Welfare & Lavoro

Pubblicato l’ICF2020: perché parlare di funzionamento in tempi di pandemia è cruciale

Ieri l'OMS ha pubblicato la seconda edizione dell'ICF. È il "manuale" che ha cambiato lo sguardo sulla disabilità: da limite della persona a relazione tra la persona e l'ambiente. «La diagnosi può essere la medesima, ma il funzionamento è diversissimo. E a molte persone guarite dal Covid resteranno problemi di funzionamento. Mettere l’accento qui significa mettere l’accento sulle persone al di là della diagnosi», dice Matilde Leonardi

di Sara De Carli

Il 19 ottobre l’OMS ha pubblicato la seconda edizione dell’ICF, la Classificazione Internazionale del Funzionamento, della Disabilità e della Salute. La nuova edizione arriva a 19 anni dalla prima, pubblicata nel 2001 e dopo due aggiornamenti. Nell’ICF 2020 confluisce anche la versione per bambini ICF-CY, approvata dall'OMS nel 2007. La maggior parte dei codici relativi a bambini e ragazzi sono stati inseriti nella revisione in modo che ora l'intera durata della vita sia coperta da ICF. «Tanto lavoro, con 19 anni di continui contributi di esperti e utenti ICF provenienti da tutto il mondo.
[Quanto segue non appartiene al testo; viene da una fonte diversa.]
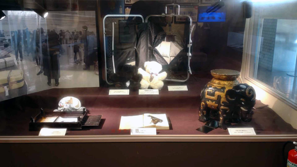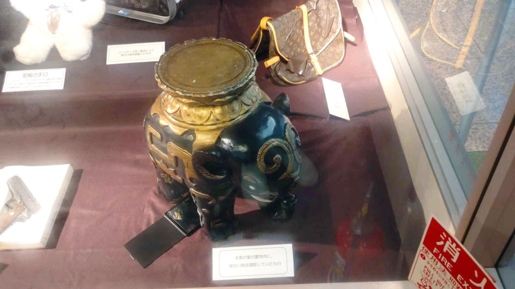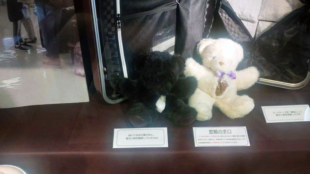 密輸の手口が紹介されています。これはぬいぐるみの腹の中に覚せい剤を隠匿していたもの。お好みに合わせて黒いぬいぐるみと白いぬいぐるみがあります。その後ろにはスーツケースを二重底にして覚醒剤を隠蔽したもの。

I dati funzionanti sono fondamentali e l'ICF con WHO DAS 2.0 è lo strumento globale per la raccolta dati, poiché “se non sei contato non conti”», commenta Matilde Leonardi, neurologa del Besta ed esperta di disabilità, che chiude in questo modo il suo mandato come copresidente dell'OMS del gruppo di riferimento FDRG Functioning e disabilità insieme a Haejung Li dalla Corea e Olaf Kraus De Camargo dal Canada.

Perché questa pubblicazione è una notizia?

Perché è frutto di un lavoro importante e perché viene data al mondo una classificazione standard per codificare il funzionamento. È tutto perfettibile, ovviamente, ma intanto abbiamo una seconda edizione. Questo diventa il punto di riferimento per i Governi di tutto il mondo, che volendolo, possono standardizzare la raccolta di dati sul funzionamento, una cosa che avviene in pochissimi Paesi ad oggi. In Italia ad esempio molte leggi prevedono l’uso dell’ICF per la valutazione, penso solo alla legge 66/2017 per la scuola. Mi rendo conto che la pubblicazione può sembrare una notizia da addetti ai lavori, ma tornare a parlare di funzionamento è importante perché il funzionamento come concetto entrerà sempre più nei sistemi sanitari dal momento che sempre più persone hanno malattie croniche e la classificazione delle malattie, con la diagnosi, aiuta ma non è sufficiente a descrivere la realtà. Basti pensare a 25 bambini con la sindrome di Down: la diagnosi è la medesima per tutti, ma il funzionamento è diversissimo. Avere una classificazione per il funzionamento permette di ragionare in termini più aderenti alla realtà. Anche la pandemia aumenterà i malati cronici nel mondo di qualche milione di persone e quindi il funzionamento sarà ancora più importante: molte persone saranno guarite dal Covid ma resteranno dei problemi di funzionamento.

Tenere alta l’attenzione sul funzionamento ci aiuta a non medicalizzarci troppo. In un momento in cui la sanità si restringe alla diagnosi e in cui tu sei la diagnosi che hai, mettere l’accento sul funzionamento significa mettere l’accento sulle persone al di là della diagnosi. Non c’è solo la diagnosi, ma il fatto che ogni persona vive in contesto che è facilitatore oppure barriera. E se le diagnosi non si possono cambiare, le barriere del contesto si possono sempre abbattere.

L’ICF mettendo a fuoco la relazione fra la condizione salute e l’ambiente ha cambiato il modo di pensare il funzionamento e la disabilità.

Tenere alta l’attenzione sul funzionamento ci aiuta a non medicalizzarci troppo. In un momento in cui la sanità si restringe alla diagnosi e in cui tu sei la diagnosi che hai, mettere l’accento sul funzionamento significa mettere l’accento sulle persone al di là della diagnosi. La classificazione ti elenca le componenti del funzionamento, la valutazione dice quanto questo funzionamento è alterato, per questo l'ICF va letto insieme al suo strumento WHO DAS. Non c’è solo la diagnosi, ma il fatto che ogni persona vive in contesto che è facilitatore oppure barriera. E se le diagnosi non si possono cambiare, le barriere del contesto si possono sempre abbattere.